Data for analysis
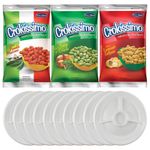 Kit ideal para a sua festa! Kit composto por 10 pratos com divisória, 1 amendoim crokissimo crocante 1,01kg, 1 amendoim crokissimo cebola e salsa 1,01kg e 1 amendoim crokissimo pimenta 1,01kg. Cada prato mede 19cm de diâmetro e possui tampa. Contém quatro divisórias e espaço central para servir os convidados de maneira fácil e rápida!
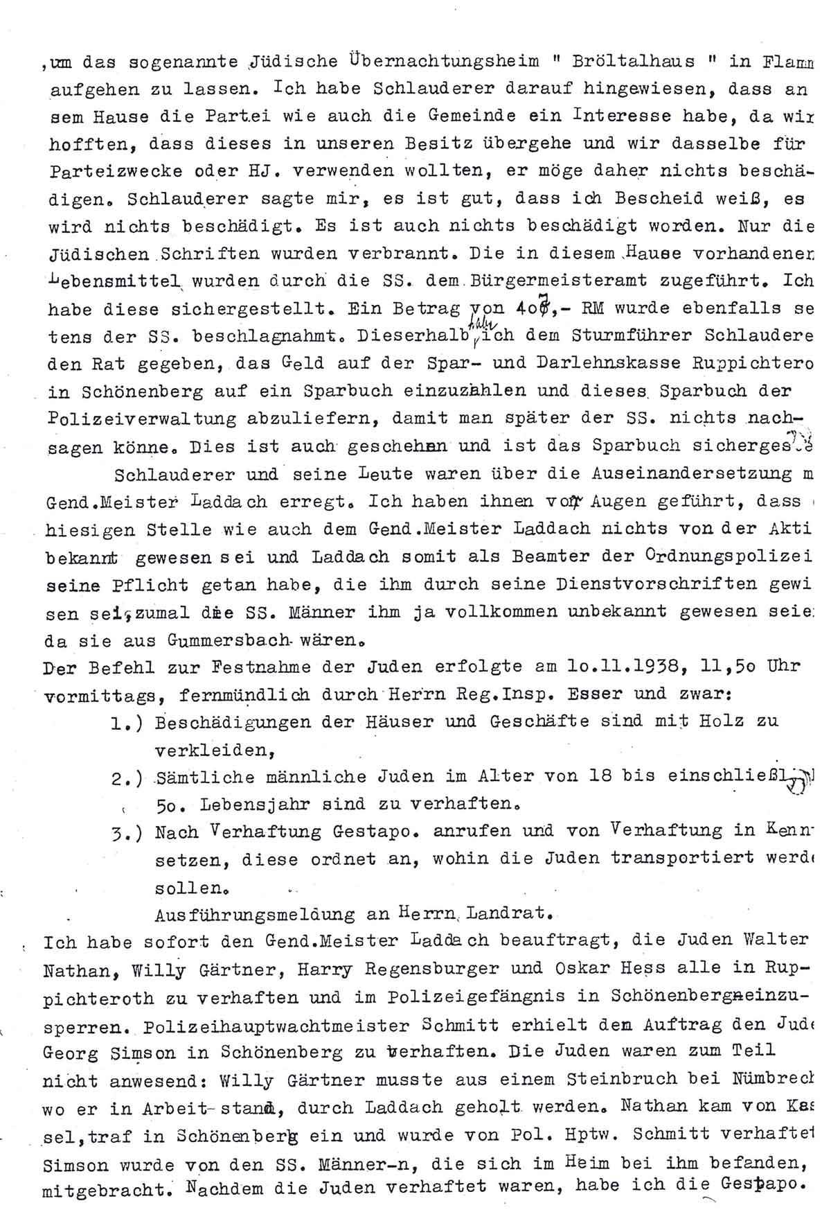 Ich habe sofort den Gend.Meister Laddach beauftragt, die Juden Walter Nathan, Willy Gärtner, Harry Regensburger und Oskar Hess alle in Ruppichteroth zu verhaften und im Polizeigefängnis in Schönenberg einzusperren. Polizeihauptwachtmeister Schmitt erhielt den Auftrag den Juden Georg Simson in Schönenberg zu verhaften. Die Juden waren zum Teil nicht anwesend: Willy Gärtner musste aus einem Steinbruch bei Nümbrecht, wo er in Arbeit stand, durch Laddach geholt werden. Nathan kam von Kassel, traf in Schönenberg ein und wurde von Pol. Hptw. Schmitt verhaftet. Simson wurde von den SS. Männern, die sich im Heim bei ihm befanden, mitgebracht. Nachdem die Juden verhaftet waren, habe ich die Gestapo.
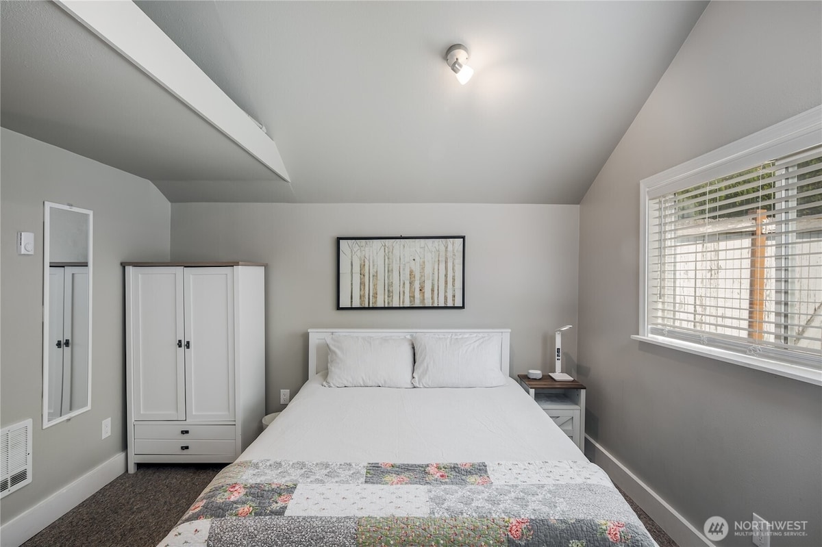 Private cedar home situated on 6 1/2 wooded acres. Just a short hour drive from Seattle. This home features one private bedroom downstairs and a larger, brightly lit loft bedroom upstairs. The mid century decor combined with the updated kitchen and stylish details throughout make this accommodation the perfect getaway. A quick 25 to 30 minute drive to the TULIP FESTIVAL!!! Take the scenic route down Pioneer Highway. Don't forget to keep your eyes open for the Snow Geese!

==

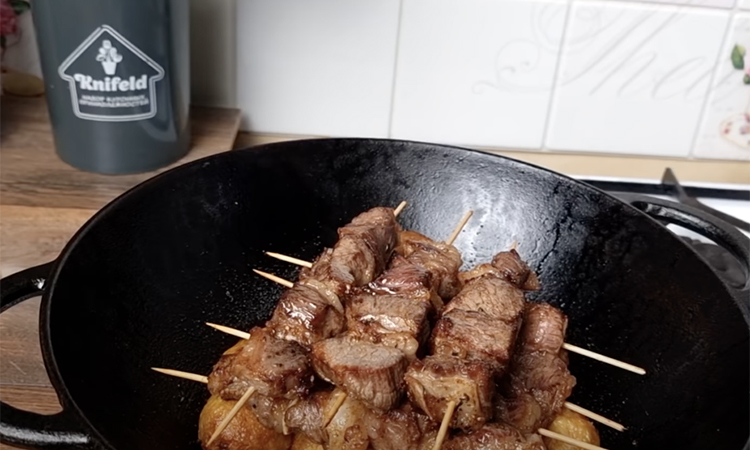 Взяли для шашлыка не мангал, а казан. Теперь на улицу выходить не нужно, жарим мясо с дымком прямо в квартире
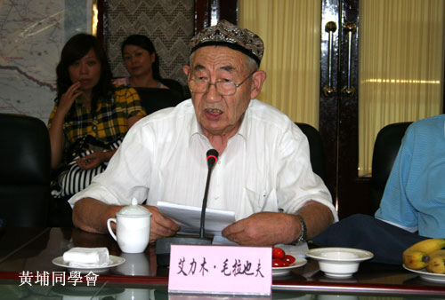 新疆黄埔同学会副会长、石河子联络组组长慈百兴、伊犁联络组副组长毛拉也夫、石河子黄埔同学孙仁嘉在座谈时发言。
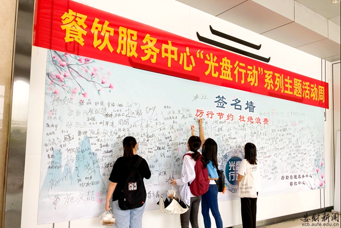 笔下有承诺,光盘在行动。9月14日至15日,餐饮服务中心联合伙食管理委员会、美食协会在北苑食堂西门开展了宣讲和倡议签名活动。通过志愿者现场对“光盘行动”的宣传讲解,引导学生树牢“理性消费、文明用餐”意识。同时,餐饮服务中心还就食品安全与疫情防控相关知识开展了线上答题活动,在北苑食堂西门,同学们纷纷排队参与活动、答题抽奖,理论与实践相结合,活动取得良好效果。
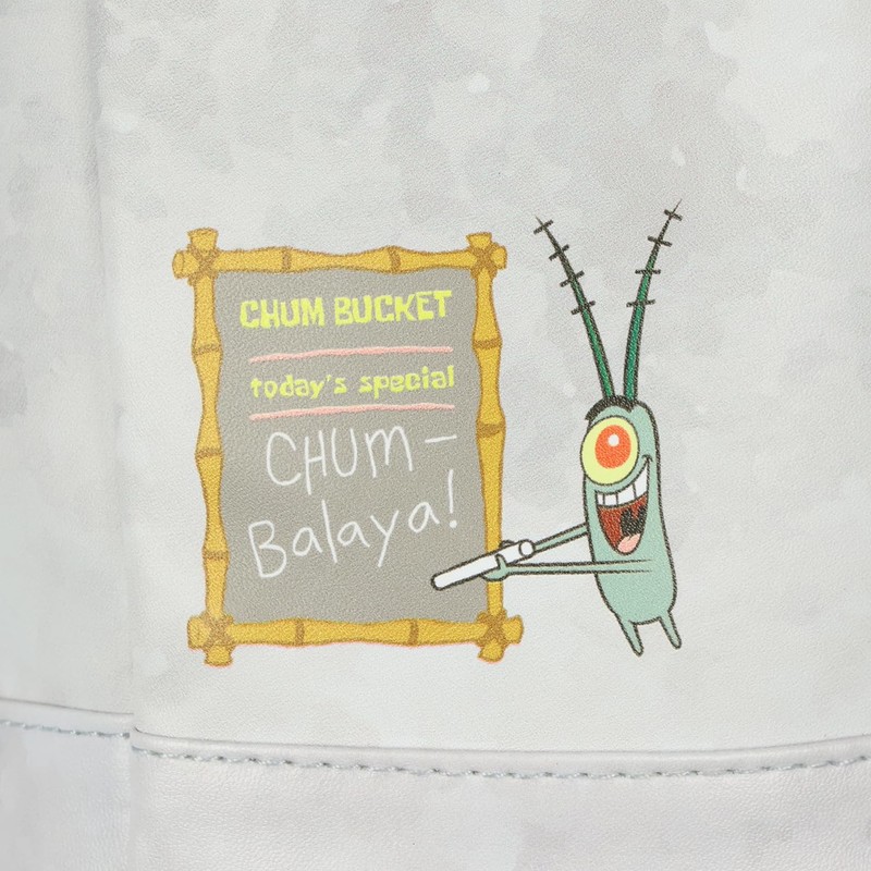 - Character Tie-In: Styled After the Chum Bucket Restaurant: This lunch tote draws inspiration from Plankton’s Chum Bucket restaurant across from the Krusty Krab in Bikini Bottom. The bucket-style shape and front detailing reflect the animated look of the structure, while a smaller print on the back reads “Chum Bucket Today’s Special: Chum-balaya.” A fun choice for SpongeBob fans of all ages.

==

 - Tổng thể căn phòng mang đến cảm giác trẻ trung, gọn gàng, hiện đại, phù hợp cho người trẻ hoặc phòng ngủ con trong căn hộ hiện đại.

What this task involves
For the data above, set down exactly the lines from the line with "笔下有承诺,光盘在行动。9月" to the line with "- Character Tie-In: Styled", both included, leaving pictures out.

Written answer
 笔下有承诺,光盘在行动。9月14日至15日,餐饮服务中心联合伙食管理委员会、美食协会在北苑食堂西门开展了宣讲和倡议签名活动。通过志愿者现场对“光盘行动”的宣传讲解,引导学生树牢“理性消费、文明用餐”意识。同时,餐饮服务中心还就食品安全与疫情防控相关知识开展了线上答题活动,在北苑食堂西门,同学们纷纷排队参与活动、答题抽奖,理论与实践相结合,活动取得良好效果。
 - Character Tie-In: Styled After the Chum Bucket Restaurant: This lunch tote draws inspiration from Plankton’s Chum Bucket restaurant across from the Krusty Krab in Bikini Bottom. The bucket-style shape and front detailing reflect the animated look of the structure, while a smaller print on the back reads “Chum Bucket Today’s Special: Chum-balaya.” A fun choice for SpongeBob fans of all ages.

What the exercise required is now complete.